Accessibility criteria for online courses was pioneered by the Texas Virtual School Network (TxVSN) which has created a detailed site, TxVSN Accessibility, with advice, criteria, and check lists. Here are their Accessibility Guidelines.
One of CLRN’s requirements when reviewing courses is that all narrated presentations and videos include transcripts or Closed Captions.
So, yes, when you’re constructing an online course, your customers, and the Office of Civil Rights, expects that course materials are accessible. There are free resources to assist you, including Universal Subtitles, which can be used to embed captions within YouTube videos.
Make use of them.
5. Consistency between courses is key
We’ve noticed that often two online courses taught in sequence, like English I and English II or Algebra I and Geometry, have very different levels of interactivity and engagement, as if they were created by two very different teams who weren’t talking to each other. While one course may have a variety of media, narrated presentations, and video lectures, the companion course would not. The basic pedagogy of each course would be the same, as if course developers were working from a template, but one course would be significantly weaker than the other.
My advice? Hire great educators to develop your courses and make sure a separate person is in charge of quality control. Include textbook snippets, but make sure lessons are embedded with short video lectures, discussions, collaboration opportunities, and media.
6. Formative Assessments Should Inform Instruction
Too often, as in most cases, they don’t.
If a student is struggling, a formative assessment is where we first discover his difficulty in grasping a concept or idea.
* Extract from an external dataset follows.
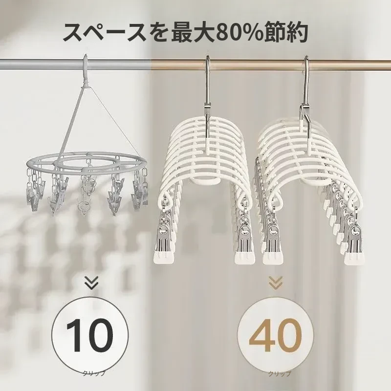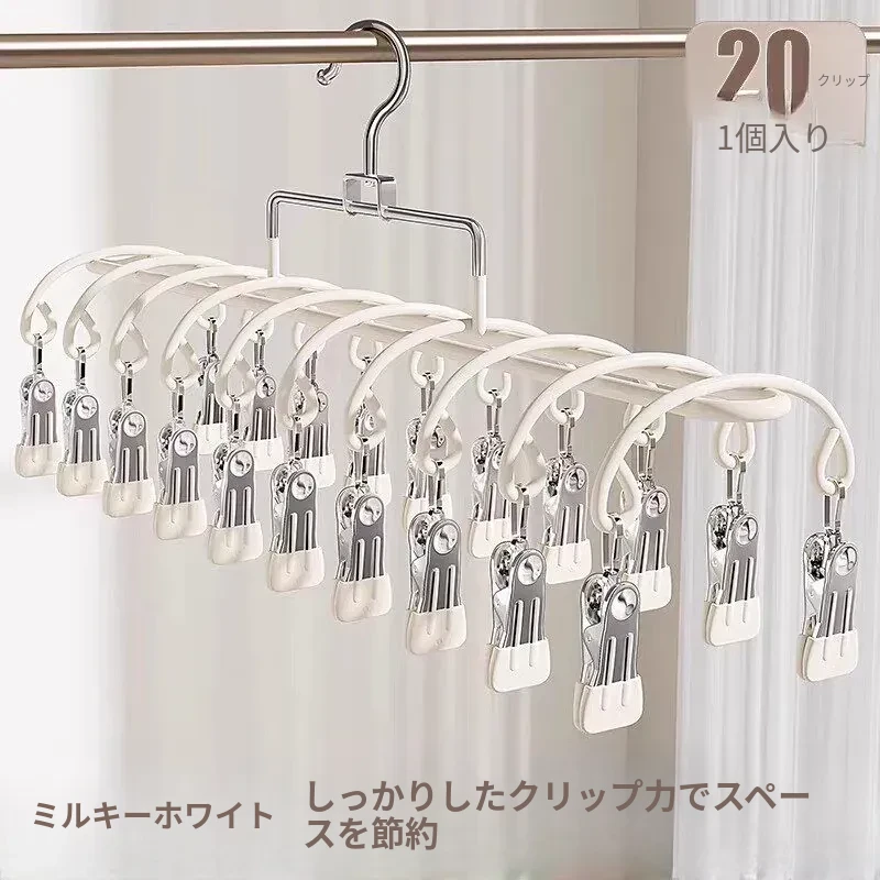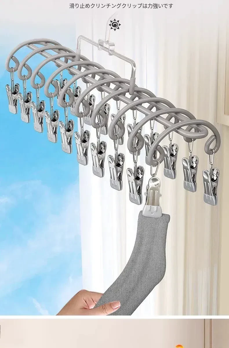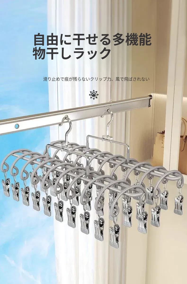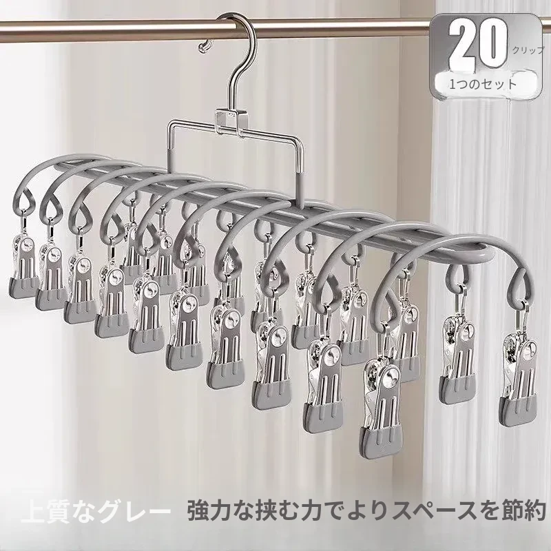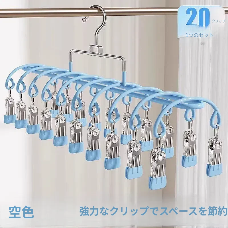 20クリップステンレス製多機能物干しハンガー - 靴下や小物の乾燥に最適!学生や赤ちゃんのための安心設計、風にも強いので、寮でも大活躍!

If, after failing a formative assessment, your course just passes the student on to the next unit without 1) reteaching or 2) informing the teacher there may be a problem, you’re competing with my worst teacher for last place.
There’s a reason teachers love “clickers”. They enable teachers to instantly assess whether students comprehend concepts and they offer “just-in-time” teachable moments if students don’t.
Formative assessments, generally short multiple-choice quizzes, don’t have to be graded. They DO need to be an opportunity to determine whether a student is grasping a concept. When students have difficulty, the course should attempt to reteach using new examples or new methods until the student is ready to move on.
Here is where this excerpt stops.